NVIDIA opened its CES 2026 special presentation with CEO Jensen Huang laying out a broad vision for AI across computing, robotics and autonomous systems. At the heart of the presentation was Rubin, NVIDIA’s first extreme-codesigned AI computing platform that combines six tightly integrated components including Rubin GPUs, Vera CPUs and advanced networking and DPU units. This platform is now in full production and designed to lower the cost of large-scale AI training and inference while boosting performance significantly compared with previous generations.

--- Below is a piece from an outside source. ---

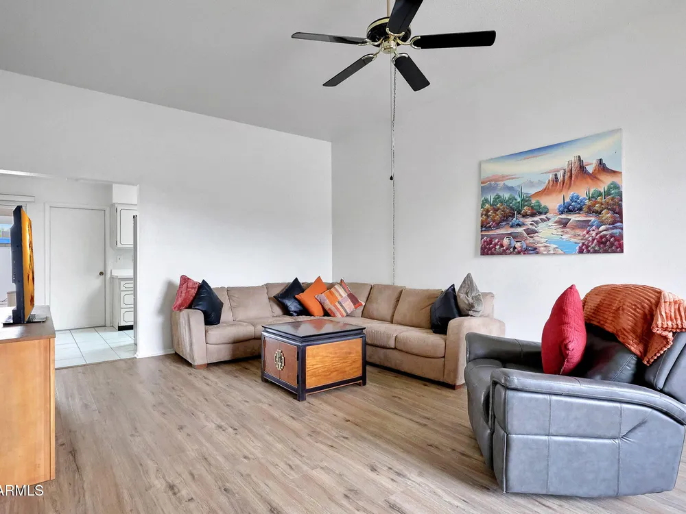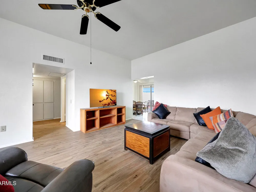 Welcome To This Charming GA201 Model Home In Sun City. It Is Move-In Ready And Waiting For You! This Delightful Residence Features Soaring Ceilings In The Living Room, Creating An Open And Airy Atmosphere. Both Bedrooms Are Generously Sized, Offering Plenty Of Space And Comfort. Recent Updates Include Fresh Interior Paint, Stylish Vinyl Plank Flooring In The Main Living Areas, And Cozy Carpet In The Bedrooms. The Kitchen Has Been Refreshed With A Recent Stove And Hood Vent Instalation, Making It Both Functional And Modern. Enjoy Peace Of Mind With A Newer HVAC System Installed In 2020 And A Water Heater That's Just 2.5 Years Old. Step Through The Sliding Glass Door To A Fully Enclosed Back Patio. Perfect For Relaxing Or Entertaining Year-Round. The Home Also Includes An Oversized One Car Garage

Alongside Rubin, NVIDIA highlighted open AI models spanning key domains like healthcare, climate science, robotics simulation and autonomous driving. These models are trained on NVIDIA supercomputers and available to developers and enterprises to build AI solutions. Huang emphasized that open models enable broad innovation across industries and form the foundation for next-generation intelligence.

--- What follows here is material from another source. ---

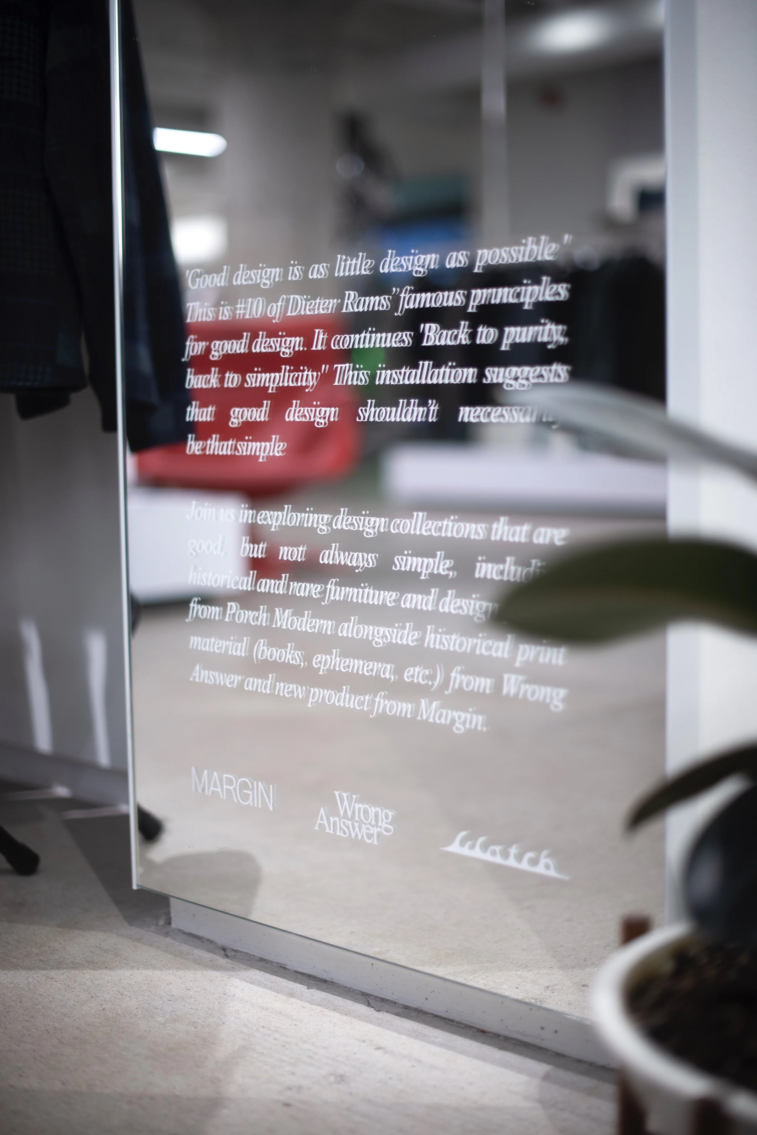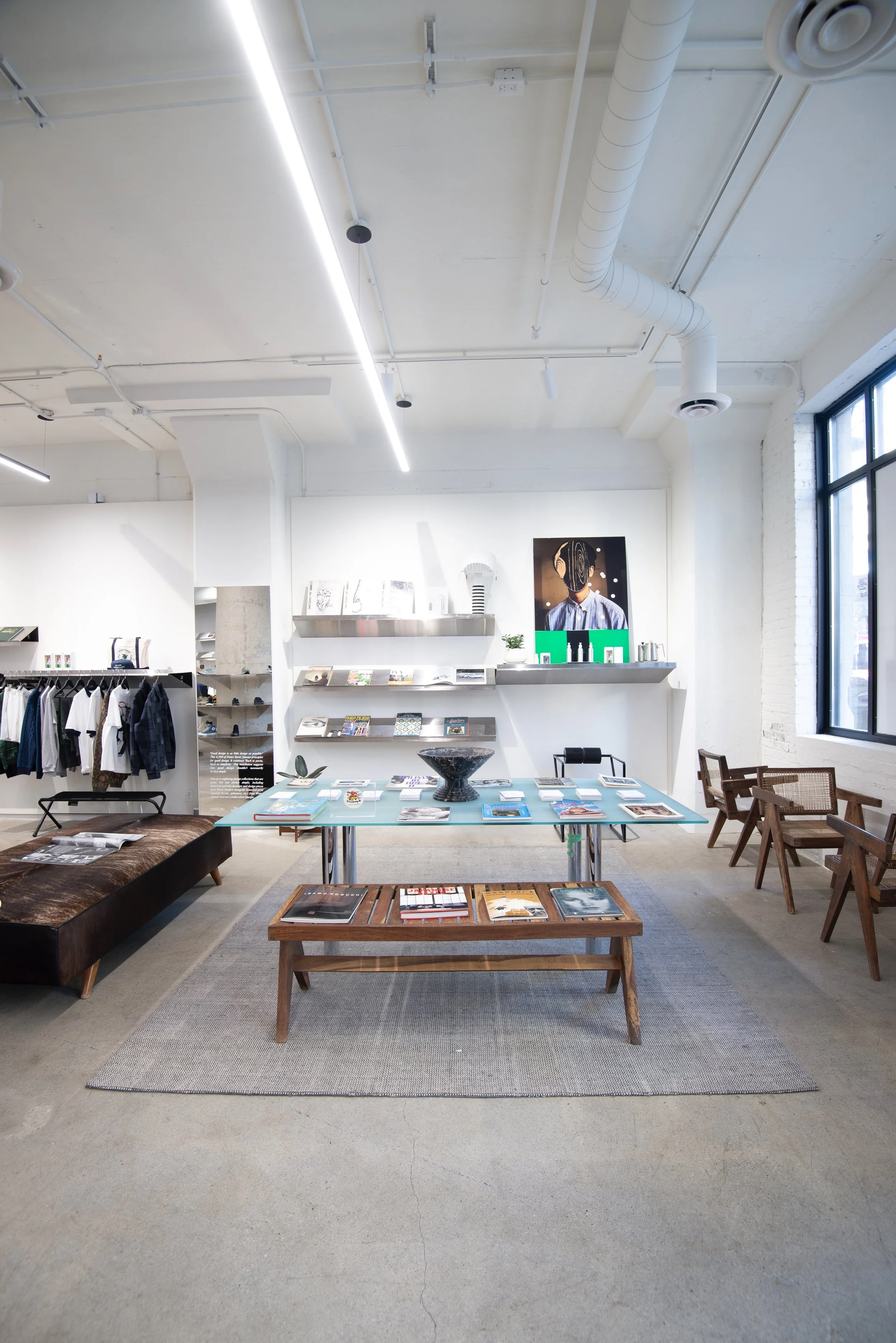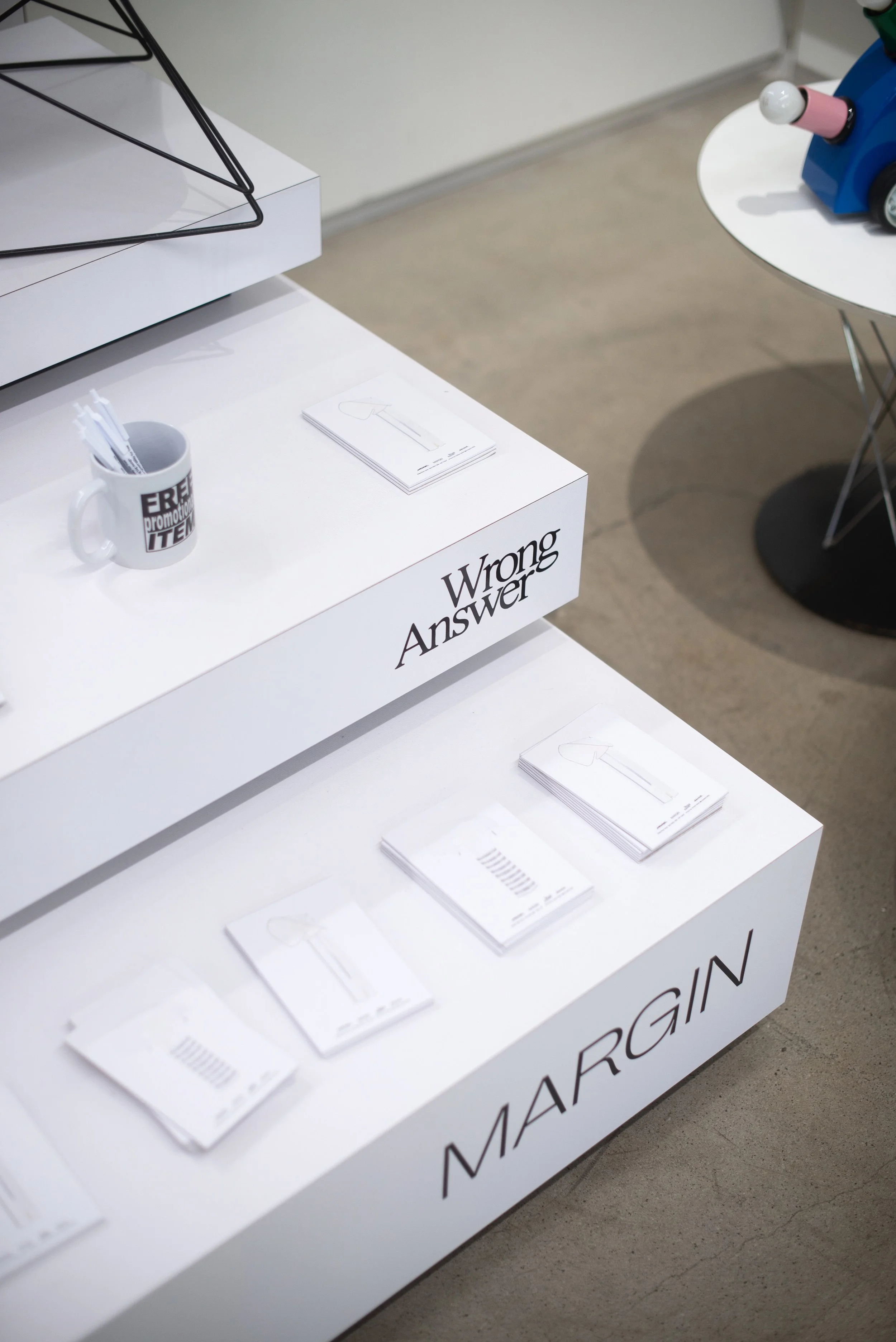 This installation invited shoppers to explore design collections that are good, but not always simple, including historical and rare furniture and design pieces alongside historical print material (books, ephemera, etc.) from Wrong Answer and new product from Margin.

NVIDIA also showcased advancements in physical AI, including models for real-world reasoning and simulation that help robots and autonomous systems perceive and act. A highlight was an AI defined driving demo using the Alpamayo reasoning model family integrated with the DRIVE platform, showcased on a Mercedes-Benz CLA.
Additional announcements included updates to gaming technology like DLSS 4.5 for enhanced graphics and expanded support for GeForce NOW and AI-enabled workflows for creators.